I am having some serious issues concentrating on work these past few days. I don’t know if it’s fatigue or anxiety or what have you, but I’ve got no motivation to do work. I mean, so what else is new, but instead of pure panic I just feel demotivated and drained. I’m not fearful of my work, at least I don’t think, but regardless I’m still not working due to… depression? Boredom? Fatigue? I really don’t know.
It doesn’t help that I’m submitting some chapters for my writer’s group’s upcoming April meeting. (Don’t worry, it’ll be via digital means; we’re not going to someone’s house like we usually do.) I was hoping to submit 2-3 chapters but at the rate I’m writing them now it might not even be one. I’ve half a heart to cancel my submission already because I’m afraid I won’t have enough time to make it “good enough.” But you know, I still have two solid weeks to drum out a single chapter, at the most, and since I haven’t even started, how do I know I won’t have enough time? My fear of that deadline is creeping on me. Maybe that’s why I’m dragging my feet? Kind of like giving up before I fail rather than trying to win and then fall short. Ugh, yeah, I think that’s it. Well, the only solution is to stop scaring myself silly or give in to depression, but instead pick up my busted ass and try.
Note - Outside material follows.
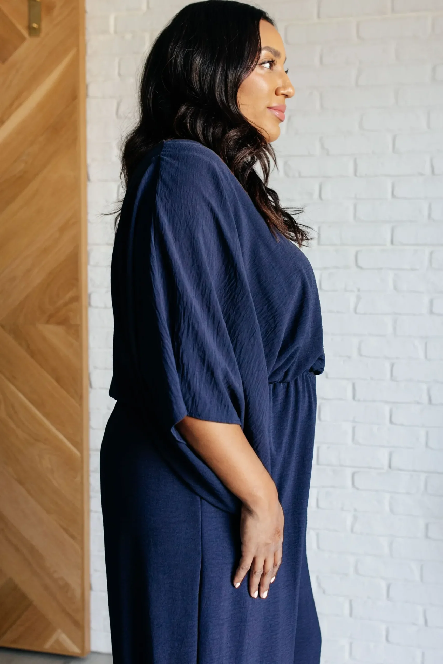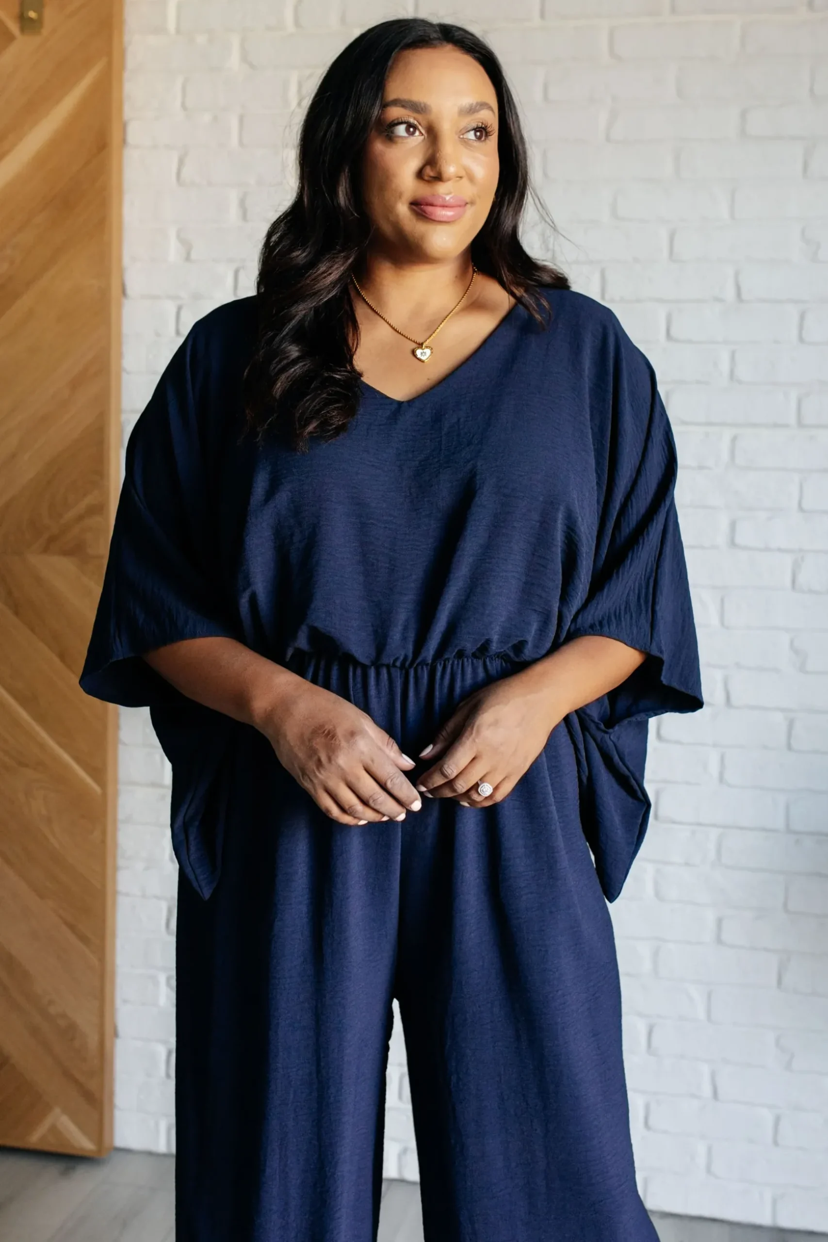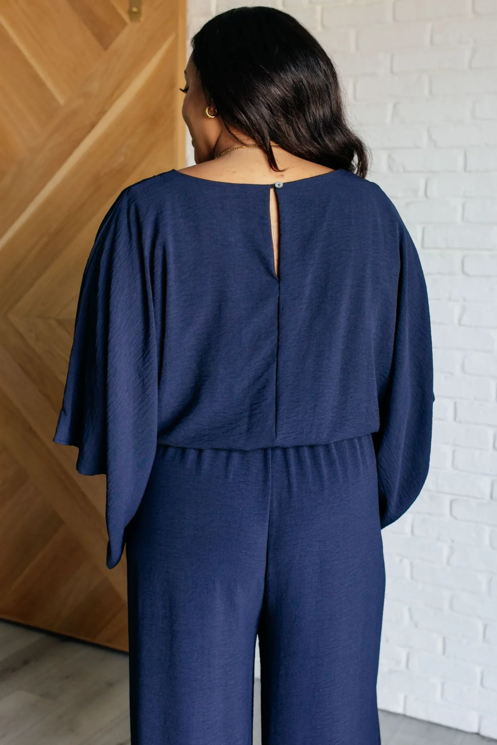 Get ready to turn heads in our Up to Something Wide Leg Jumpsuit! Made of crinkle woven fabric, this jumpsuit features a flattering v-neckline, wide half sleeves, and an elastic waistline for comfort and style. With functional side pockets and a keyhole button closure, this straight leg jumpsuit is perfect for any occasion. (Don’t worry, we won’t tell anyone what you’re up to.)

Didn’t mean to turn this into a semi random peptalk. On another unrelated, much lighter note, Amazon delayed my Animal Crossing: New Horizon copy by a week, so I just canceled it and opted for digital instead. It’s all ready and pre-loaded for release day (midnight tonight), which makes me happy, although I’m not going to actually start playing until tomorrow. Why? Because it’s in real time, so all the stores and other things are closed at night. (Yes, they have an overnight box but it’s not quite the same feel). I rather just play it 10 hours later when I wake up and am refreshed, and it’s beautiful daylight in the game, too.
I took a look at my bullet journal work log yesterday, and found out that I worked so little that I should be ashamed of myself. Granted, I had a few other things on my mind this past month but the amount of work I didn’t do was atrocious. I’m glad I looked, though, because it basically gave me a kick in the teeth about how much I’m not getting done, so now I know to get down and do it. Seriously. Sometimes I really hate the way I don’t operate correctly, like a robot stuck on a loop of non-productivity.
Depression is a crazy thing, eh? I know there are folks are so depressed that they don’t feel like doing ANYTHING, like not even getting out of bed. I don’t think that’s how depression ever manifested in me except for like a very short period of time. My depression seems to manifest so that I struggle to do creative work, which is devastating for someone who writes fiction for a living. I’m functioning in life, but not functioning at work, and I don’t know how to deal with that. They say that insanity is the process of doing the same thing over and over again and expect different results. Well, I want different results certainly, but I also feel like I’ve tried different tactics and none are giving me that. I guess the best way now is just to pick the one that works the best, even if it’s like at 25% instead of 100%, but hey, it’s better than 0%, and go from there. For me personally it’s setting a time (like 3 hrs every day or something like that) and stick to schedule. (And also avoid all procrastination websites like Reddit, which I actually did alright on.) It worked for at least a few days in the past, so maybe this time I just need to keep it going every day, like a recovering alcoholic who’s struggling to stay sober, one day at a time.
If I have a 3D printer I might just print some imitation AA tokens but for writer’s block. Or rather, working block – and see if I can get myself to not fall off the wagon. Because hell I’ve tried everything else.